(DIRECTIONS FOR THIS TASK): Starting with the line below that holds "挙式は厳かな雰囲気で行いたい" and stopping after the line that holds "In case that", transcribe the lines exactly, leaving out all pictures.
MATERIALS PROVIDED: Begin
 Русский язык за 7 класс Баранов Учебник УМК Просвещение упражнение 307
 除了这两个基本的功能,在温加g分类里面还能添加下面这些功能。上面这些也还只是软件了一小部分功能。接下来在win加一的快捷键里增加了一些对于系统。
MATERIALS PROVIDED: End
MATERIALS PROVIDED: Begin
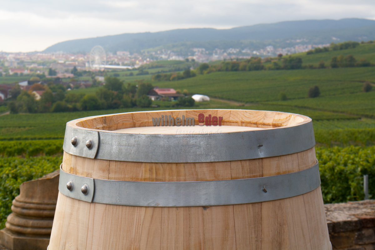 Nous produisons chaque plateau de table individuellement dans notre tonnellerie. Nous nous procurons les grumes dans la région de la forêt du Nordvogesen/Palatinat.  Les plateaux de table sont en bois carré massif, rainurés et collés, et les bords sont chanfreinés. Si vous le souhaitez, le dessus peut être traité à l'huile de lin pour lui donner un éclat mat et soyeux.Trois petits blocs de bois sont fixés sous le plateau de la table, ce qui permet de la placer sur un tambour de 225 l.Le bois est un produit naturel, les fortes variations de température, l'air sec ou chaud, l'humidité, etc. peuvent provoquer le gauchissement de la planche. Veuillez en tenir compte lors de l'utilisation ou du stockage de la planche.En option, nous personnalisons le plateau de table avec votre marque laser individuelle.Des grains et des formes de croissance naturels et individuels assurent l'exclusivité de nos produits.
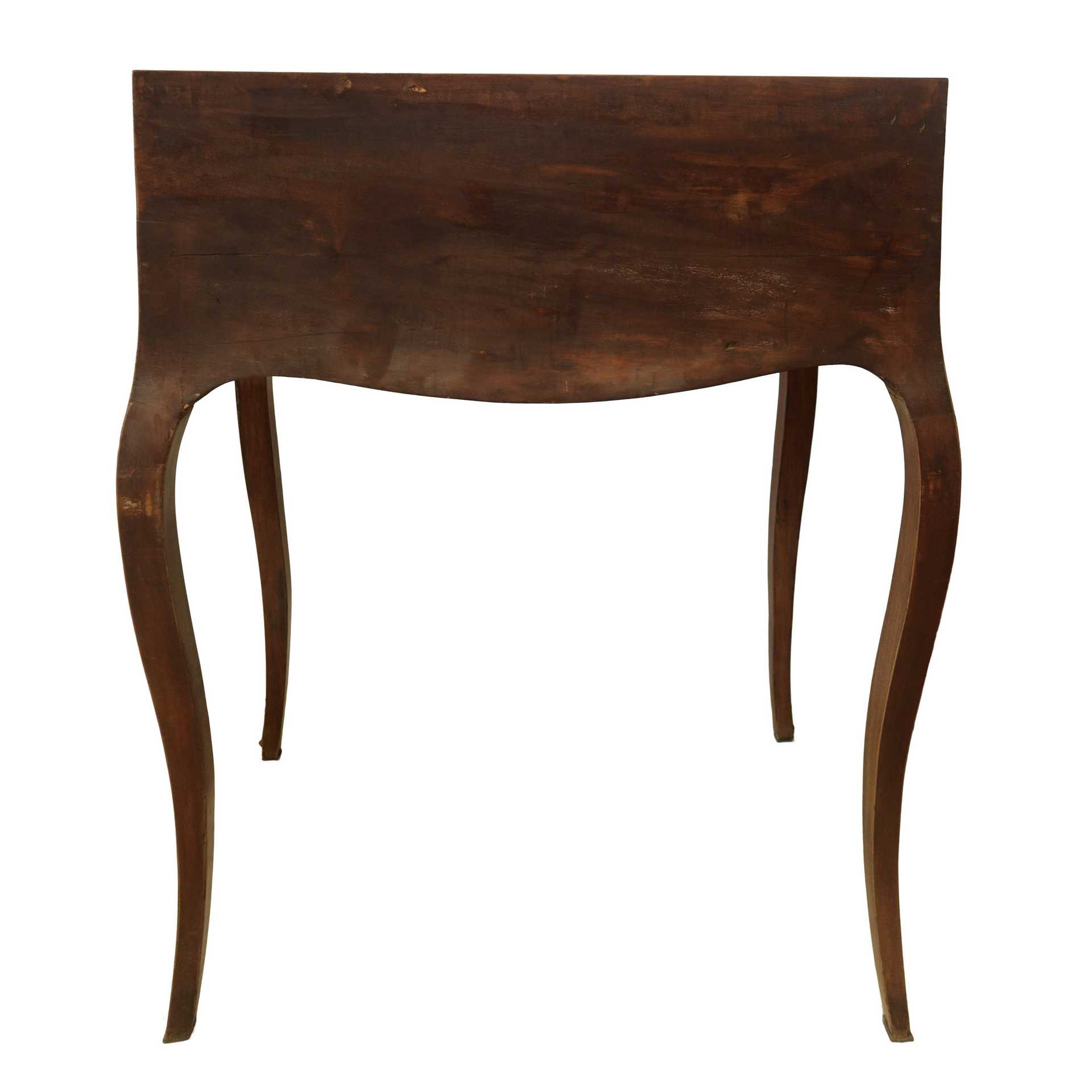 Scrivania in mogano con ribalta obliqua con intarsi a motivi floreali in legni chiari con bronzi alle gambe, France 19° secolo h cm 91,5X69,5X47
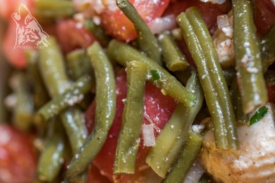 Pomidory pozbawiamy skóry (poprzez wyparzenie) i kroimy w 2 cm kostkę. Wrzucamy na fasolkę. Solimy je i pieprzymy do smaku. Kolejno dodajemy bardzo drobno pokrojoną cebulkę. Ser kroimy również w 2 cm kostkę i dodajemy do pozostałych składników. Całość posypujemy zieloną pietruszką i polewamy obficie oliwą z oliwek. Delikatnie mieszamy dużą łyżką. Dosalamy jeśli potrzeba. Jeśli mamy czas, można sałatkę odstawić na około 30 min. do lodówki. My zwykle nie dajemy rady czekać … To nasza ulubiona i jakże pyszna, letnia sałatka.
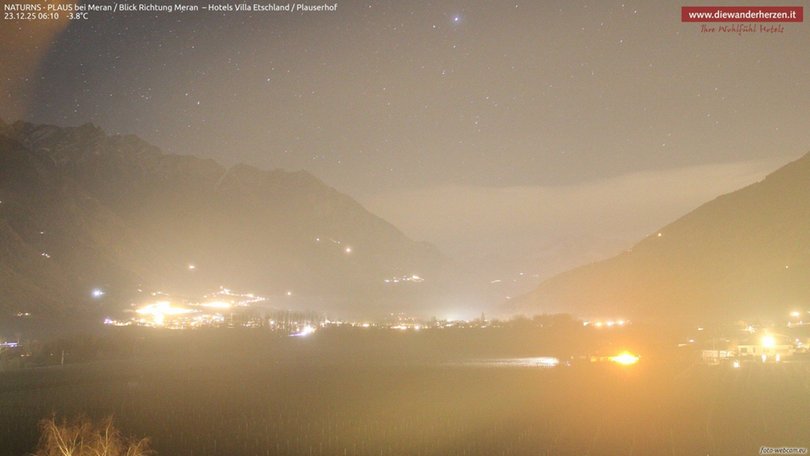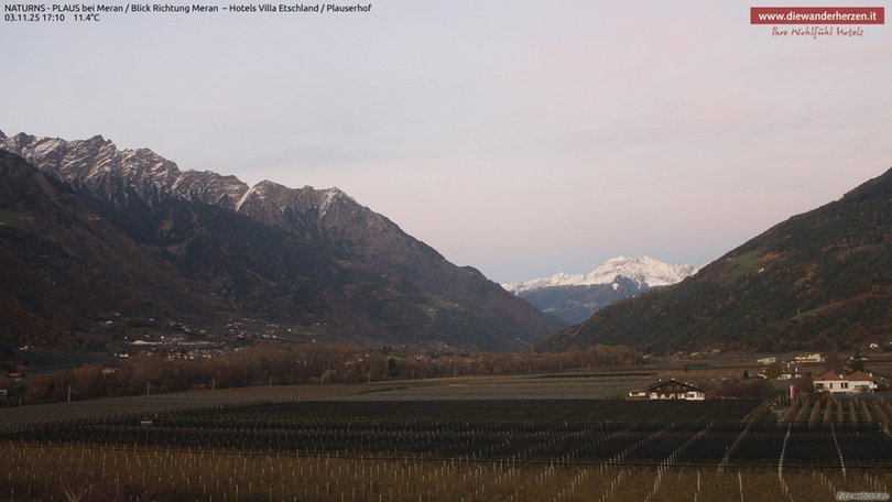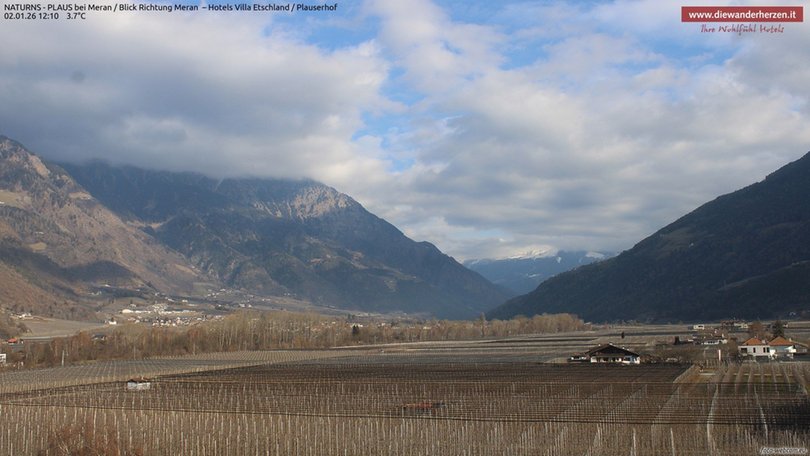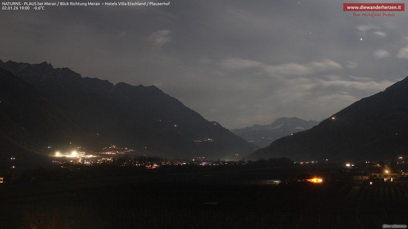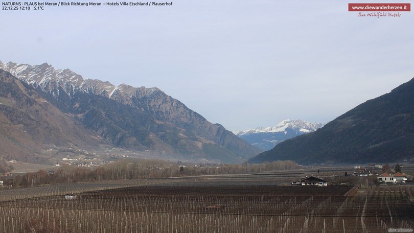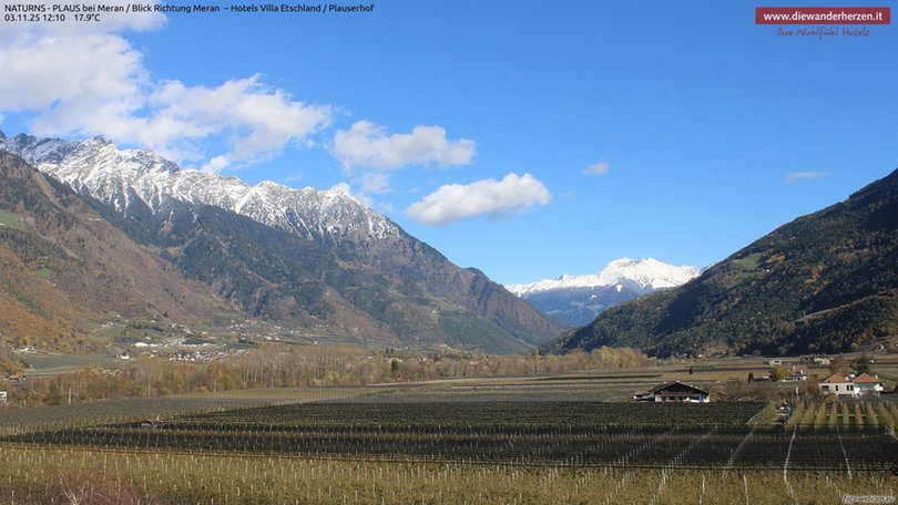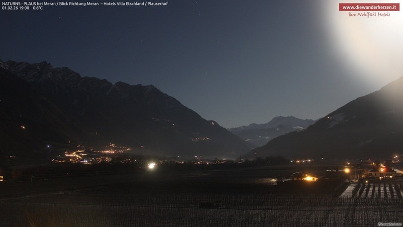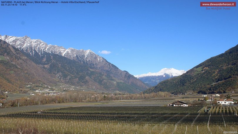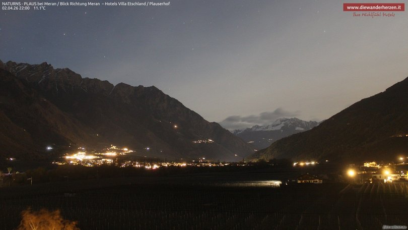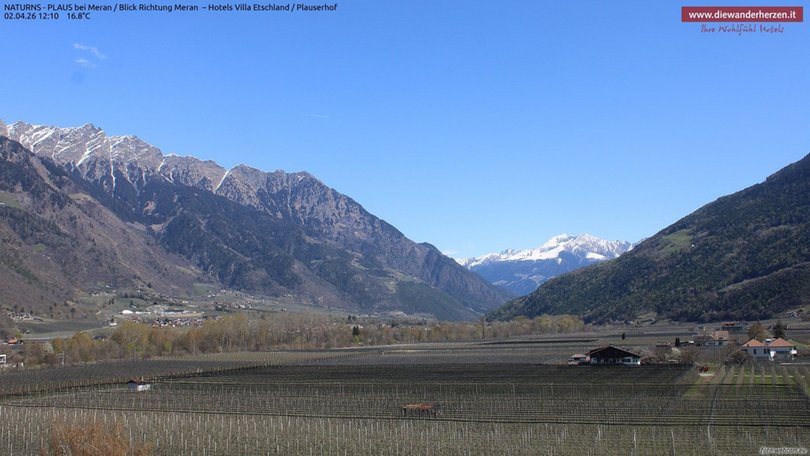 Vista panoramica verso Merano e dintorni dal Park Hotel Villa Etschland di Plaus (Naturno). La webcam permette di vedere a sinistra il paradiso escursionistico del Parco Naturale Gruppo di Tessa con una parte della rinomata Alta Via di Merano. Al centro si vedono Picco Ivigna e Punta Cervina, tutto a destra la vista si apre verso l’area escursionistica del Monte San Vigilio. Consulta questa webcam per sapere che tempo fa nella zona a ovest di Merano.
MATERIALS PROVIDED: End
MATERIALS PROVIDED: Begin
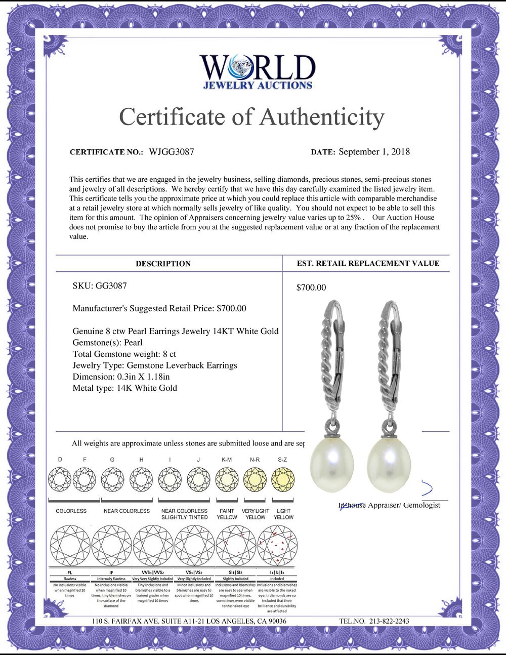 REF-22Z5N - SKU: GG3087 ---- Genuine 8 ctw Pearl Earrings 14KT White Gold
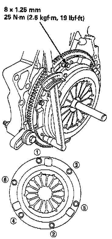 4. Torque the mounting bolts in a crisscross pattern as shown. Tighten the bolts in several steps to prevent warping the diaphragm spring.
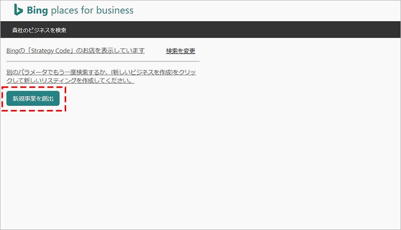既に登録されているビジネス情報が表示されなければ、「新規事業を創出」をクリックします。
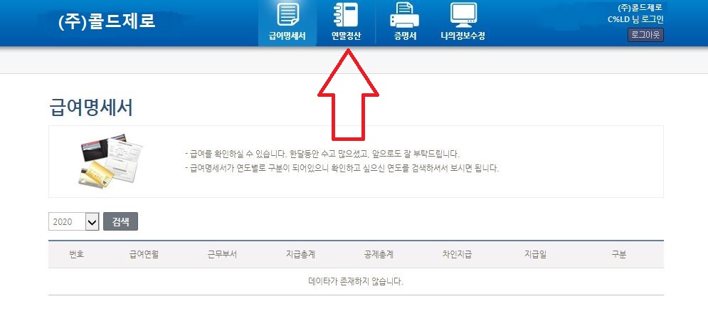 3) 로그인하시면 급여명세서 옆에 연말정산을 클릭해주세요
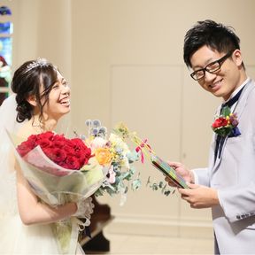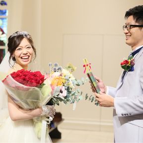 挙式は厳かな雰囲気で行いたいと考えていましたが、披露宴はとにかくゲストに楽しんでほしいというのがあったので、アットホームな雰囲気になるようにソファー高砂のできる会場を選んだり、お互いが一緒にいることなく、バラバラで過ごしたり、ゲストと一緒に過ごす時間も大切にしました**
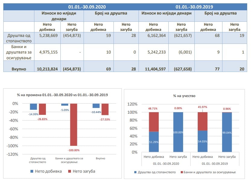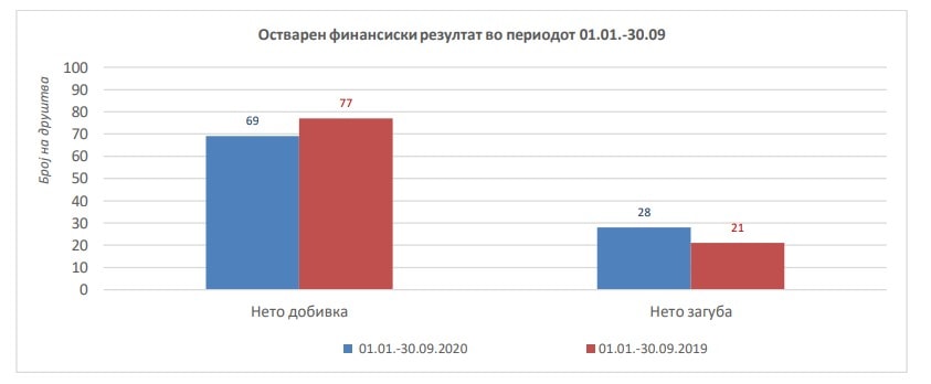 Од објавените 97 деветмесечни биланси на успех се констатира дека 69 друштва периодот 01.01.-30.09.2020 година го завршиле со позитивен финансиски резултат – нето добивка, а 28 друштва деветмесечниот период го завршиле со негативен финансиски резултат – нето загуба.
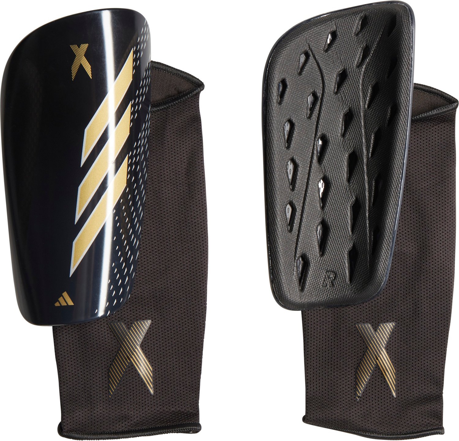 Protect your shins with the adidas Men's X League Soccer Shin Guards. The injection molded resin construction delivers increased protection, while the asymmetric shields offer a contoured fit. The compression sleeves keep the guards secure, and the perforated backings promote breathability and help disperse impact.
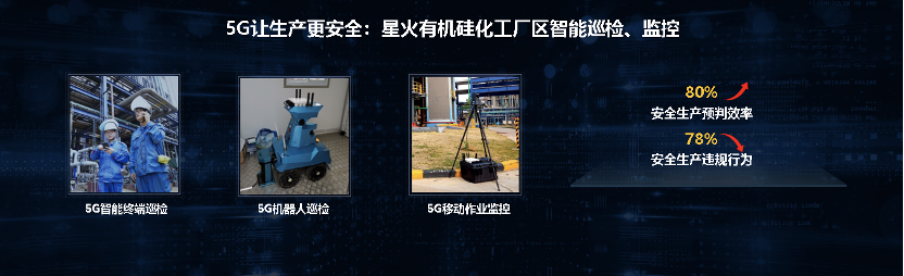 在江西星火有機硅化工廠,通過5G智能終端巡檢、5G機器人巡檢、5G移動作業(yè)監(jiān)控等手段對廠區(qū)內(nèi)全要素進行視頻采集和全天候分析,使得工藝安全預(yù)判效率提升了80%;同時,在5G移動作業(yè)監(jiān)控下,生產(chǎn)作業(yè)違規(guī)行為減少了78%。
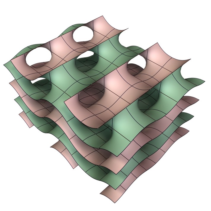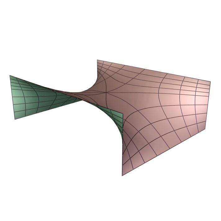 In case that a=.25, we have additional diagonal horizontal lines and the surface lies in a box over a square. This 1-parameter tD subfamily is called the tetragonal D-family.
MATERIALS PROVIDED: End
(TASK OUTPUT):
 挙式は厳かな雰囲気で行いたいと考えていましたが、披露宴はとにかくゲストに楽しんでほしいというのがあったので、アットホームな雰囲気になるようにソファー高砂のできる会場を選んだり、お互いが一緒にいることなく、バラバラで過ごしたり、ゲストと一緒に過ごす時間も大切にしました**
 Од објавените 97 деветмесечни биланси на успех се констатира дека 69 друштва периодот 01.01.-30.09.2020 година го завршиле со позитивен финансиски резултат – нето добивка, а 28 друштва деветмесечниот период го завршиле со негативен финансиски резултат – нето загуба.
 Protect your shins with the adidas Men's X League Soccer Shin Guards. The injection molded resin construction delivers increased protection, while the asymmetric shields offer a contoured fit. The compression sleeves keep the guards secure, and the perforated backings promote breathability and help disperse impact.
 在江西星火有機硅化工廠,通過5G智能終端巡檢、5G機器人巡檢、5G移動作業(yè)監(jiān)控等手段對廠區(qū)內(nèi)全要素進行視頻采集和全天候分析,使得工藝安全預(yù)判效率提升了80%;同時,在5G移動作業(yè)監(jiān)控下,生產(chǎn)作業(yè)違規(guī)行為減少了78%。
 In case that a=.25, we have additional diagonal horizontal lines and the surface lies in a box over a square. This 1-parameter tD subfamily is called the tetragonal D-family.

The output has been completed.